Пущин сказал, что он стал бы вдумываться в роль. Малолеткова села бы в угол и постаралась «почувствовать». Наученный горьким опытом показного спектакля, я бы воздержался от таких опасных соблазнов, а начал с магического или другого «если бы», с предлагаемых обстоятельств, со всяких других мечтаний. Паша стал бы разбивать роль на куски.
– Словом, – сказал Торцов, – каждый из вас, тем или другим путем, старался бы проникнуть в мозг, в сердце, в хотения роли, возбудить в собственной эмоциональной памяти аналогичные с ней воспоминания, составить представление и собственное суждение о жизни изображаемого образа, увлечь воле-чувство. Вы тянулись бы в душу роли щупальцами своей души, стремились бы к ней своими двигателями психической жизни.

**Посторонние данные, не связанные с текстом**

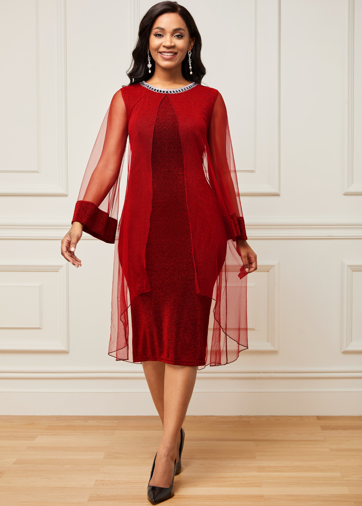 Chiffon Mesh Stitching Wine Red Embellished Neck Dress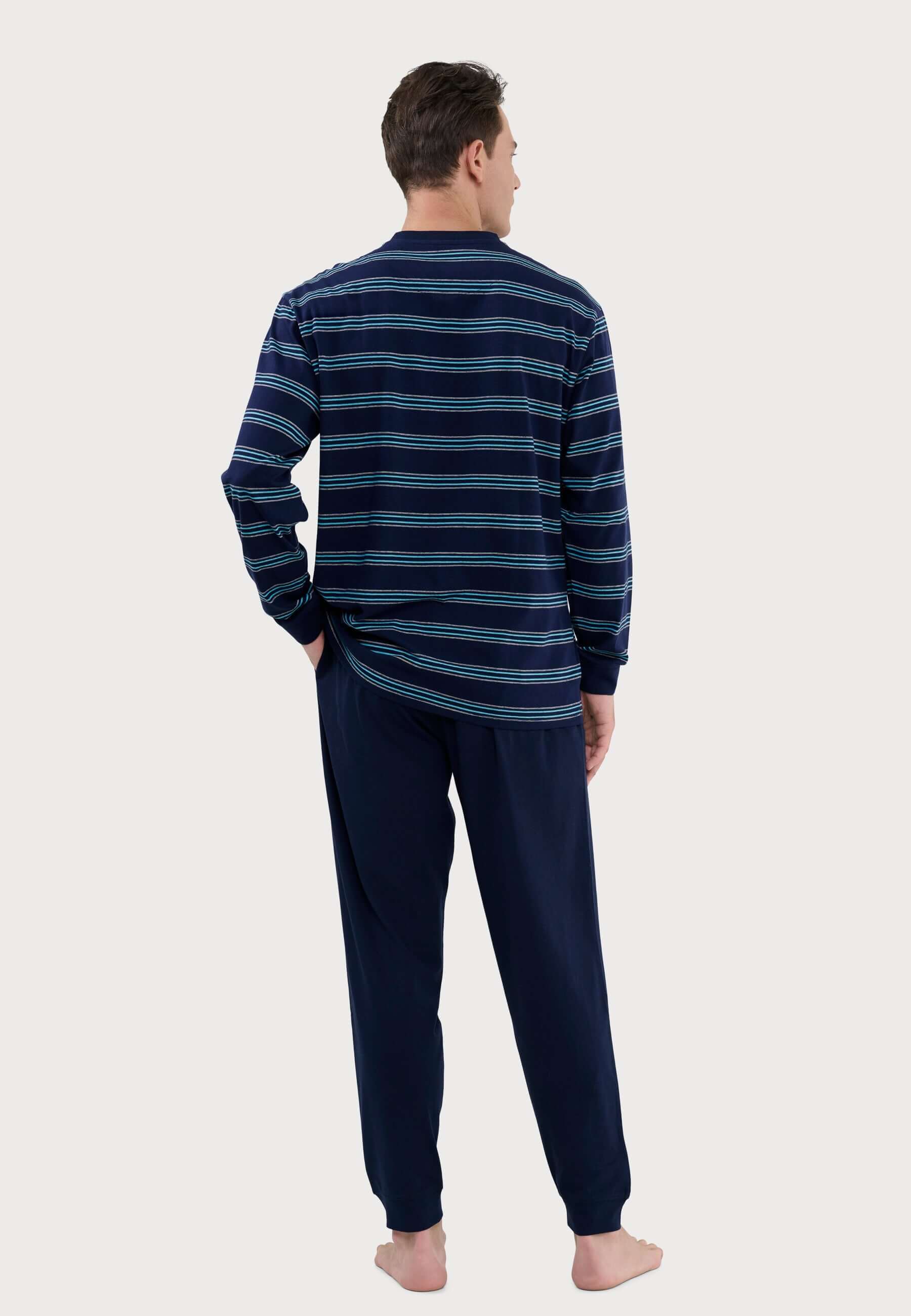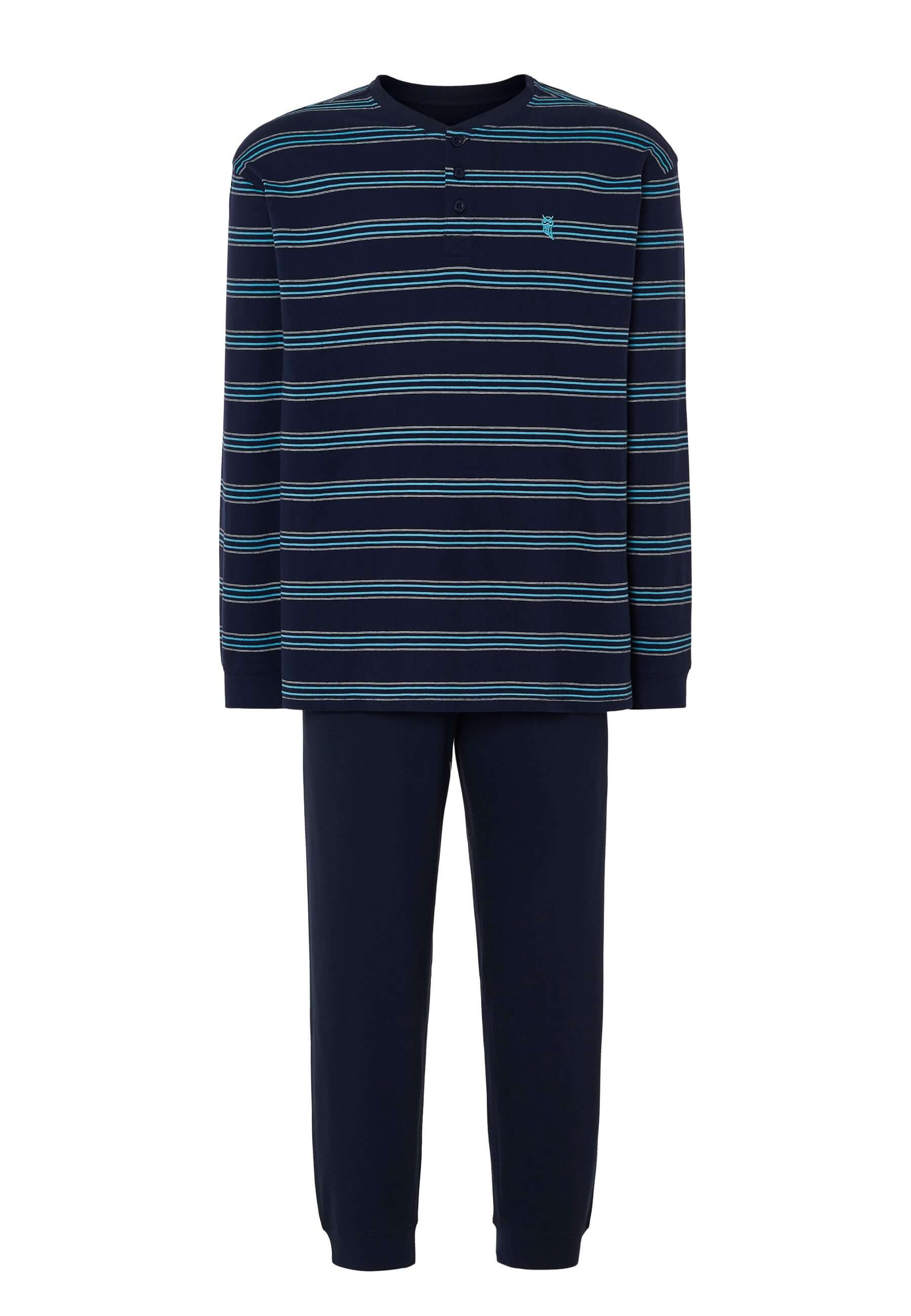 Set de pijama largo moderno de hombre de entretiempo con parte de arriba a rayas azul marino y turquesa. Edición "Essentials", confeccionado en punto de 160gr/sqm 100% algodón, que otorgan gran suavidad, color brillante y resistencia a la rotura. Fit regular, con el mismo diámetro en las mangas y perneras, de tallaje holgado. Un pijama confortable, elegante pero desenfadado. Parte de arriba de manga larga con cuello en tapeta a tres botones. Logo bordado en el pecho. Pantalón largo liso marino con dos bolsillos laterales a la altura de la cintura y sin bragueta.
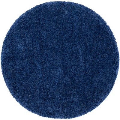 At 8'-6" in diameter and a cozy height of 1 1/8", the rug is a sumptuous addition to any room, providing a generous area for furniture and feet to enjoy. Designed in a classic Shag & Flokati style, this rug's rich navy hue exudes a timeless charm, while the subtle pattern, as seen in the image provided, adds a hint of textural intrigue to its plush pile.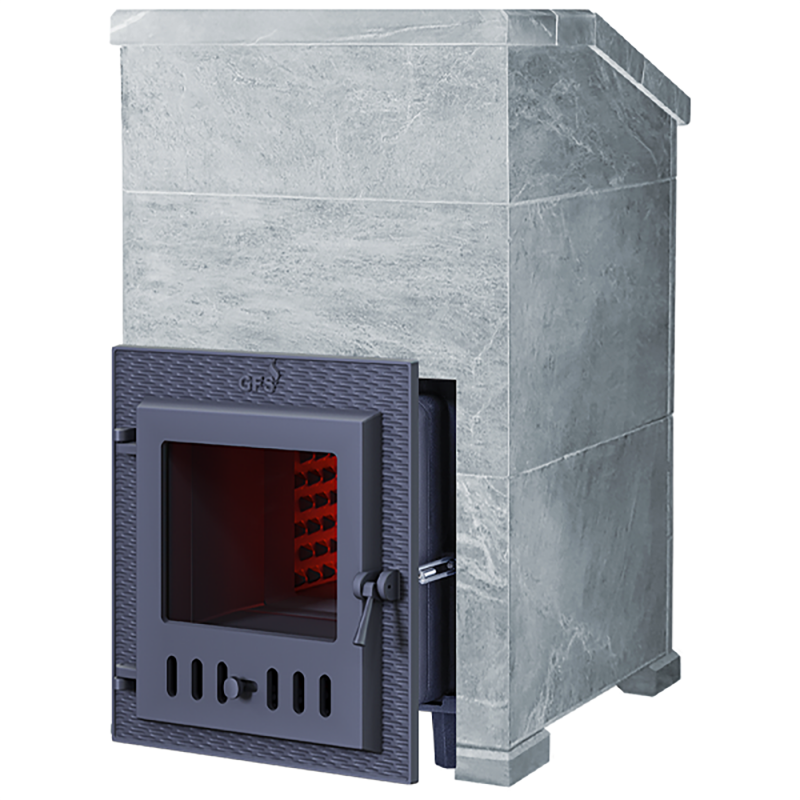 Комплект GFS Гефест ЗК 25(П)2 Президент 1000/40/50 Талькохлорит - печь с усиленной каменкой большей массы, с единым углублением внутрь топки для дополнительной укладки чугунного заряда. Теплосъемные шипы, со стороны горения пламени, в разы увеличивают площадь соприкосновения огня с каменкой и ускоряют передачу тепла, а также способствуют лучшему дожигу смешивая потоки пламени и воздуха поступаемого из воздушника. Эти усовершенствования значительно повышают мощность парообразования печи и выдают большее количество пара при непрерывной подаче воды. Каменка печей GFS Гефест-ЗК является незаливаемой.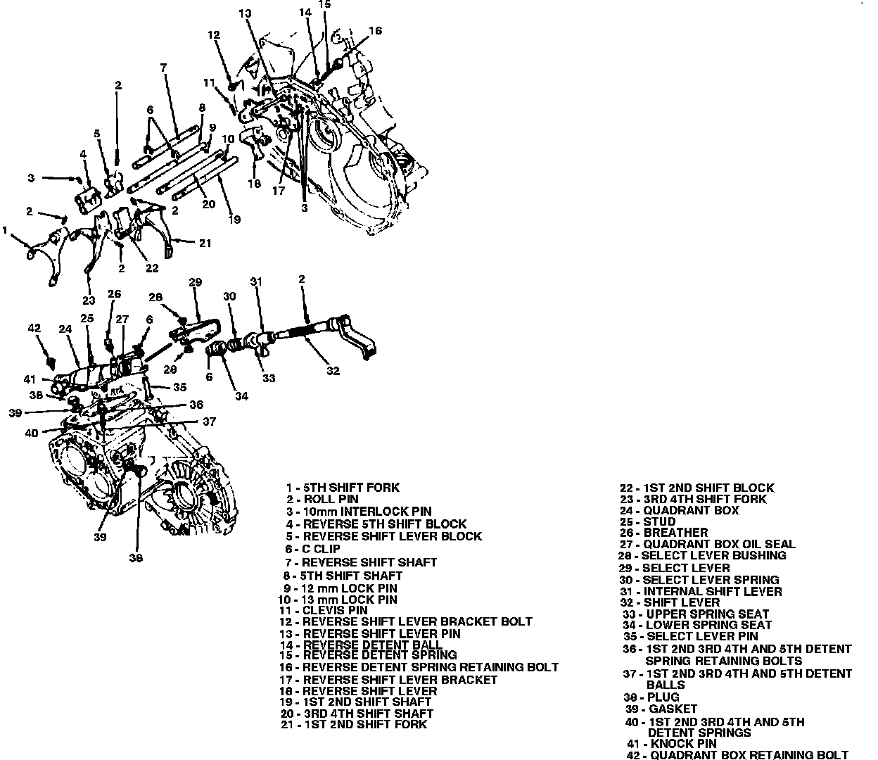 This transaxle also uses four interlock pins that are 10 mm long. Three are used in conjunction with the lock pins in the lower transaxle case. A fourth pin is located in the reverse/5th shift block. It prevents the transaxle from being shifted from fifth gear to reverse without going through neutral.

В очень редких случаях ум, воля и чувство артиста все сразу охватывают главную сущность нового произведения, возбуждаются ею творчески и создают в порыве увлечения необходимое для работы внутреннее состояние.
Гораздо чаще словесный текст лишь до известной степени усваивается интеллектом (умом), частично охватывается эмоцией (чувством) и вызывает неопределенные, клочковатые порывы хотения (воли).
Или, говоря по новому определению, в начальном периоде знакомства с произведением поэта создается смутное представление и весьма поверхностное суждение о пьесе. Воле-чувство, тоже частично, неуверенно откликается на первые впечатления, и тогда создается внутреннее ощущение жизни роли – «вообще».
Другого результата пока нельзя и ждать, если истинный смысл жизни роли понимается артистом общо. В большинстве случаев внутренняя сущность доходит до глубины лишь после продолжительной работы, после изучения произведения, после прохождения по тому же творческому пути, по которому шел сам автор пьесы.
Но бывает, что при первом чтении словесный текст никак не воспринимается умом артиста, не получает никакого отклика воли и чувства, не создается никакого представления, суждения о прочитанном произведении. Так нередко бывает при первом знакомстве с импрессионистическим или символистическим произведением.